> _TRY IT_: Omit all pictures and transcribe only the lines in the entries below that run from the line with "CHANEL -(Made in" through the line with "汽車(chē)電氣設(shè".

++++ DATA SHOWN

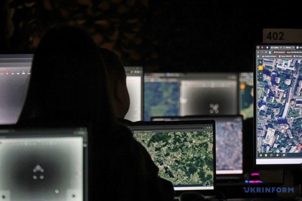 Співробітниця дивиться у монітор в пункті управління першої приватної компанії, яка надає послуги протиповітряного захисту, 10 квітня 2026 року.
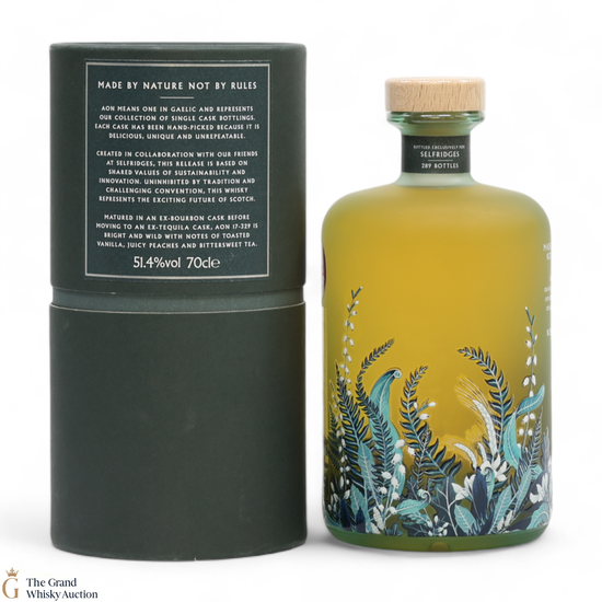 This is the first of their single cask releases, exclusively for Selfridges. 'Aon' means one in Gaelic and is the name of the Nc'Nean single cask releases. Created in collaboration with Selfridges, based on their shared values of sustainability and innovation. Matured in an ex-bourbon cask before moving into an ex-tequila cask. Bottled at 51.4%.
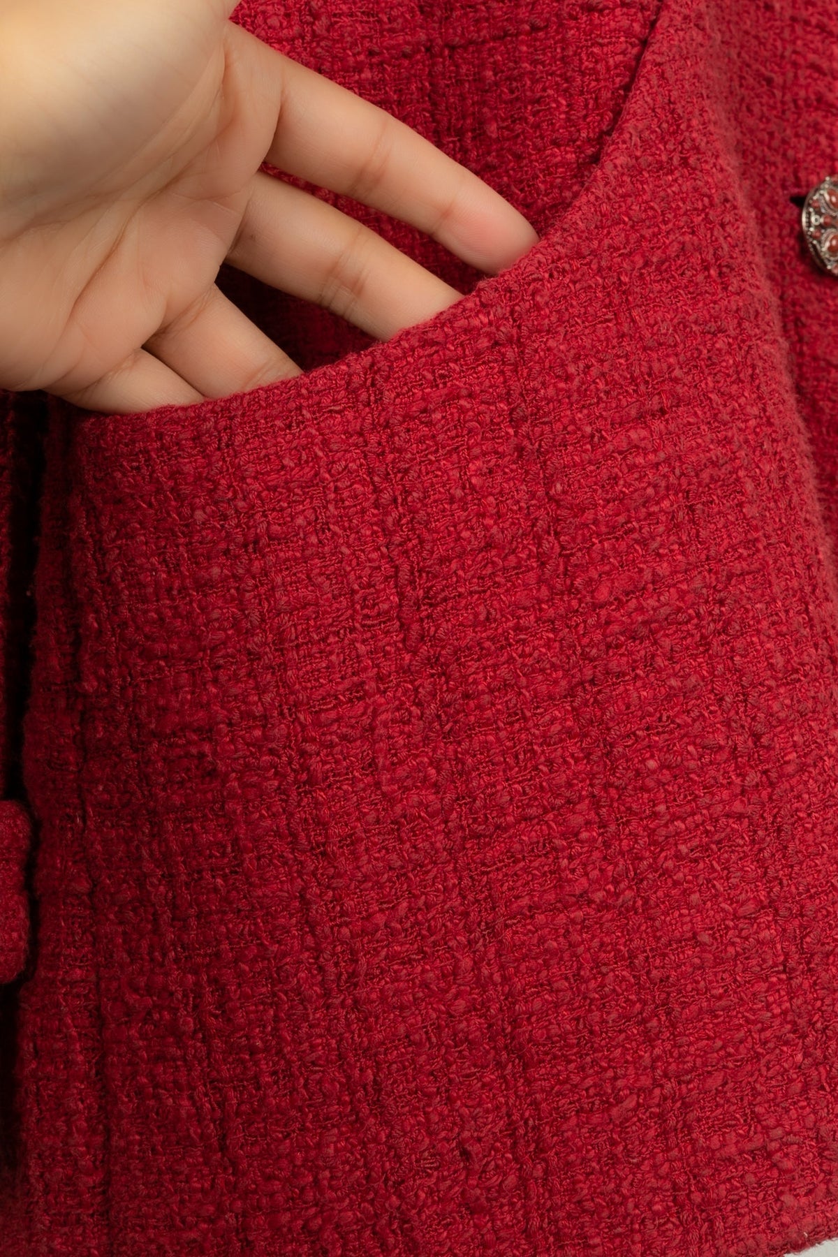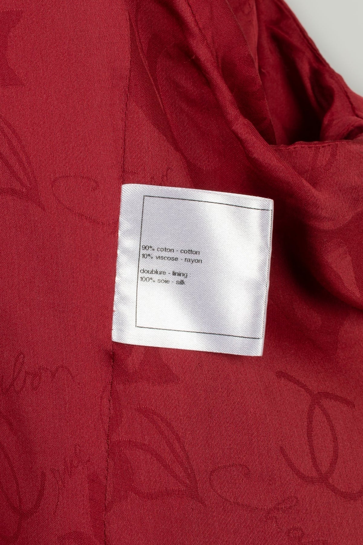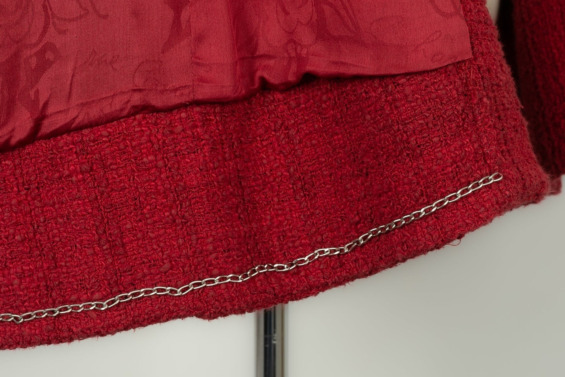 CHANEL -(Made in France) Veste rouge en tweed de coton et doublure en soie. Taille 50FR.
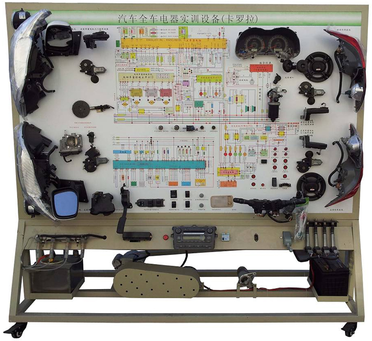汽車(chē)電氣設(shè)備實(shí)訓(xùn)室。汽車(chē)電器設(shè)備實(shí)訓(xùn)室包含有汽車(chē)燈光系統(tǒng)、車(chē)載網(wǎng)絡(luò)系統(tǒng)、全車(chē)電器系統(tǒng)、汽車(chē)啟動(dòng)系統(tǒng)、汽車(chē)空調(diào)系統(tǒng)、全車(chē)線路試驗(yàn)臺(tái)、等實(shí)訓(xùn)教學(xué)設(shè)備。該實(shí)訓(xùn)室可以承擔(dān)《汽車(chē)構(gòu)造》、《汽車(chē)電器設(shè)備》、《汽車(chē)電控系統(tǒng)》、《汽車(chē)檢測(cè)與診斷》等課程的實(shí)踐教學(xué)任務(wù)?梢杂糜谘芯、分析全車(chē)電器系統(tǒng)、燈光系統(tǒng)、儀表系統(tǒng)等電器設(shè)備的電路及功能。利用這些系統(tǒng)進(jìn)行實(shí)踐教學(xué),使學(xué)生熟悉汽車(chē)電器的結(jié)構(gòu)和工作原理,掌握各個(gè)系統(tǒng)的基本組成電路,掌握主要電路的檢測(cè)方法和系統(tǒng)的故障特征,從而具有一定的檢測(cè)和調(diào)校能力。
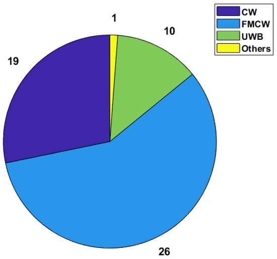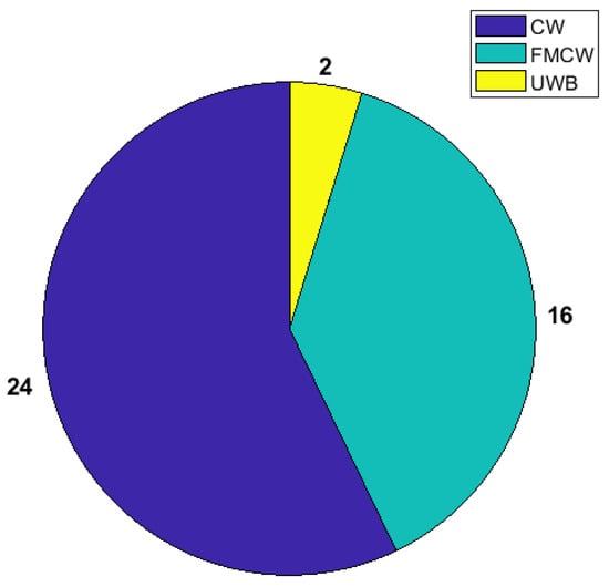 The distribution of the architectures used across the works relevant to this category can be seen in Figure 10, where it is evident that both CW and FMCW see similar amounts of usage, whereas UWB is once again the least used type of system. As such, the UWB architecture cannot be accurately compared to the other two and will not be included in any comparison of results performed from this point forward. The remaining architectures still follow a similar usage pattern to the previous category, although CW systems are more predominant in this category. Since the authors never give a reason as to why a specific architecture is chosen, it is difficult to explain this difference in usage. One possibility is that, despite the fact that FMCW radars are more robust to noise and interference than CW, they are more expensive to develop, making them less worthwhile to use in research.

++++++++

> _RESPONSE TO THIS TASK_:
 CHANEL -(Made in France) Veste rouge en tweed de coton et doublure en soie. Taille 50FR.
汽車(chē)電氣設(shè)備實(shí)訓(xùn)室。汽車(chē)電器設(shè)備實(shí)訓(xùn)室包含有汽車(chē)燈光系統(tǒng)、車(chē)載網(wǎng)絡(luò)系統(tǒng)、全車(chē)電器系統(tǒng)、汽車(chē)啟動(dòng)系統(tǒng)、汽車(chē)空調(diào)系統(tǒng)、全車(chē)線路試驗(yàn)臺(tái)、等實(shí)訓(xùn)教學(xué)設(shè)備。該實(shí)訓(xùn)室可以承擔(dān)《汽車(chē)構(gòu)造》、《汽車(chē)電器設(shè)備》、《汽車(chē)電控系統(tǒng)》、《汽車(chē)檢測(cè)與診斷》等課程的實(shí)踐教學(xué)任務(wù)?梢杂糜谘芯、分析全車(chē)電器系統(tǒng)、燈光系統(tǒng)、儀表系統(tǒng)等電器設(shè)備的電路及功能。利用這些系統(tǒng)進(jìn)行實(shí)踐教學(xué),使學(xué)生熟悉汽車(chē)電器的結(jié)構(gòu)和工作原理,掌握各個(gè)系統(tǒng)的基本組成電路,掌握主要電路的檢測(cè)方法和系統(tǒng)的故障特征,從而具有一定的檢測(cè)和調(diào)校能力。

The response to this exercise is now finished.